• [DATA SEGMENT]

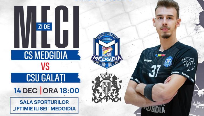 Sâmbătă, 14 decembrie 2024, CS Medgidia întâlnește CSU Galați, în etapa a XIV-a din Campionatul Național de Handbal Masculin, Divizia A, Seria B
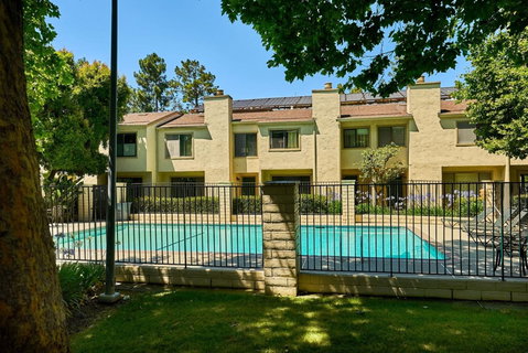 Beautifully updated two level 3 bedroom townhouse in much sought after Stanton Place Association, very close to Google, with great schools, tucked in the quiet back end of the complex, overlooking the sparkling pool. The downstairs living room has a fireplace and modern entertainment center, waiting for your oversized T.V., books, games, decorations. The kitchen opens up to a spacious air conditioned family room/dining room combination, with sliding glass doors leading out to a fenced in patio, which could be a great garden. Through the patio is an extra large garage, with lots of storage space. Upstairs are 3 bedrooms, all very light and bright with vaulted ceilings. The Master bedroom is especially generously sized, with a separate sitting area that includes a separate designer closet system, perfect for your Organized Fashionista! Brand new carpets just added!
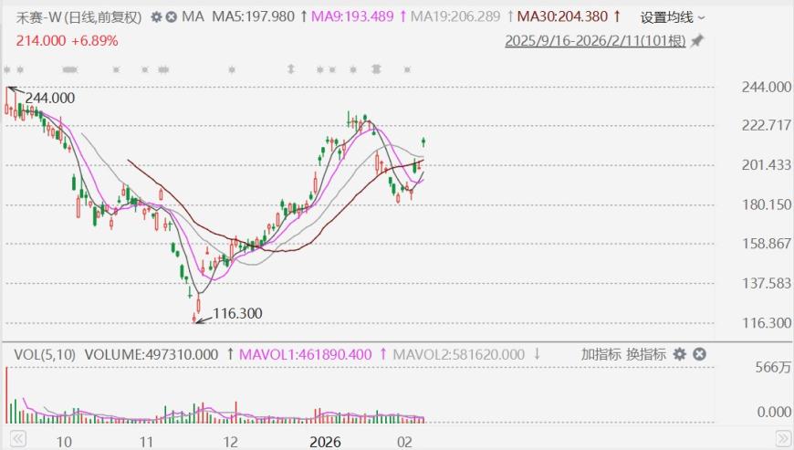 2月11日,禾赛-W(2525.HK)大涨近8%,至216.2港元。消息面上,北京时间今日凌晨,国际指数编制公司MSCI公布季度指数评审结果,其中,禾赛获纳入MSCI中国指数,有关变动将于2月27日收市后生效。

• [WHAT THE TASK REQUIRES] Transcribe the lines above exactly, setting aside any picture among them.

• [SOLVED EXERCISE]
 Sâmbătă, 14 decembrie 2024, CS Medgidia întâlnește CSU Galați, în etapa a XIV-a din Campionatul Național de Handbal Masculin, Divizia A, Seria B
 Beautifully updated two level 3 bedroom townhouse in much sought after Stanton Place Association, very close to Google, with great schools, tucked in the quiet back end of the complex, overlooking the sparkling pool. The downstairs living room has a fireplace and modern entertainment center, waiting for your oversized T.V., books, games, decorations. The kitchen opens up to a spacious air conditioned family room/dining room combination, with sliding glass doors leading out to a fenced in patio, which could be a great garden. Through the patio is an extra large garage, with lots of storage space. Upstairs are 3 bedrooms, all very light and bright with vaulted ceilings. The Master bedroom is especially generously sized, with a separate sitting area that includes a separate designer closet system, perfect for your Organized Fashionista! Brand new carpets just added!
 2月11日,禾赛-W(2525.HK)大涨近8%,至216.2港元。消息面上,北京时间今日凌晨,国际指数编制公司MSCI公布季度指数评审结果,其中,禾赛获纳入MSCI中国指数,有关变动将于2月27日收市后生效。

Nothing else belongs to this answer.